Le conseil de surveillance : un premier projet

Le conseil de surveillance : un premier projet

Dans le cadre de la rubrique « la nouvelle Franc-maçonnerie », j’ai l’honneur de vous présenter ci-dessous le projet de Conseil de Surveillance, rédigé par le frère Vabadus. Moins de discours, mais des actes serait le slogan de cette idée à partager sans modération.

Les grandes lignes du Conseil de Surveillance vous ont été décrites dans un article précédent. Bien sûr, ce projet peut être complété en fonction des spécificités de chaque obédience.

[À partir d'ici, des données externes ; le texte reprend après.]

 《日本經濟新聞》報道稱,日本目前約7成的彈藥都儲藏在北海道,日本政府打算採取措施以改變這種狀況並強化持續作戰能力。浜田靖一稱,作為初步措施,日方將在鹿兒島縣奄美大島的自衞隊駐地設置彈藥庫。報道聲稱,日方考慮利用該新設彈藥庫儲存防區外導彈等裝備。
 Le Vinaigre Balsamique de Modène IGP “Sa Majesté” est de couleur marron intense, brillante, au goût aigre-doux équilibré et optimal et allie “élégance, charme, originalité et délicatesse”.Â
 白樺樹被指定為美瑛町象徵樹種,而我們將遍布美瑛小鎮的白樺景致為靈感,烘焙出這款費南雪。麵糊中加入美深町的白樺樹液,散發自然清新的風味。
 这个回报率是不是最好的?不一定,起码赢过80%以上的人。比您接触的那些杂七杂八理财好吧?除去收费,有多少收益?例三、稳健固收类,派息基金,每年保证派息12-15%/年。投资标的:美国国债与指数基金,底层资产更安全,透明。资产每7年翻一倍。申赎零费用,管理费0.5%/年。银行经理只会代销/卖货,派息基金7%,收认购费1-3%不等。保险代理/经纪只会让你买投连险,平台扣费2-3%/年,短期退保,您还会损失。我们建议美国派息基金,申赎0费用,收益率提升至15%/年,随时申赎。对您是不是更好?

Si le Conseil de Surveillance est un outil permettant à chaque membre d’une obédience d’être assurée que les Conseillers fédéraux agissent pour le bien de tous, dans le respect des principes, des valeurs et des textes de l’obédience, il est aussi un peu plus que cela. Il réduit le pouvoir – ou l’illusion de pouvoir – d’un conseil fédéral, le rendant responsable de ses actes devant les loges. Aucun grand maître, aucun conseil fédéral, ne veut voir discuté d’un tel projet par son convent. Il est, à ce titre, une avant-première … et c’est terrible à dire, il est sur un blog maçonnique …

A vos claviers, pour compléter ce projet ! Toutes vos suggestions sont bienvenues.

Le conseil de surveillance : un premier projet
Le conseil de surveillance : un premier projet

Le Conseil de Surveillance (Projet)

Préambule

L’intégration d’un Conseil de Surveillance (CDS) dans l’architecture globale de fonctionnement de l’obédience vise à rééquilibrer les pouvoirs entre les Loges et l’exécutif et à rendre les membres et les Loges plus directement acteurs impliqués dans la construction de leur histoire commune.

Le CDS est un organe de pouvoirs des membres et des Loges totalement indépendant du pouvoir exécutif. C’est l’ensemble, des membres qui délègue à ce CDS le contrôle de la régularité des décisions de l’exécutif.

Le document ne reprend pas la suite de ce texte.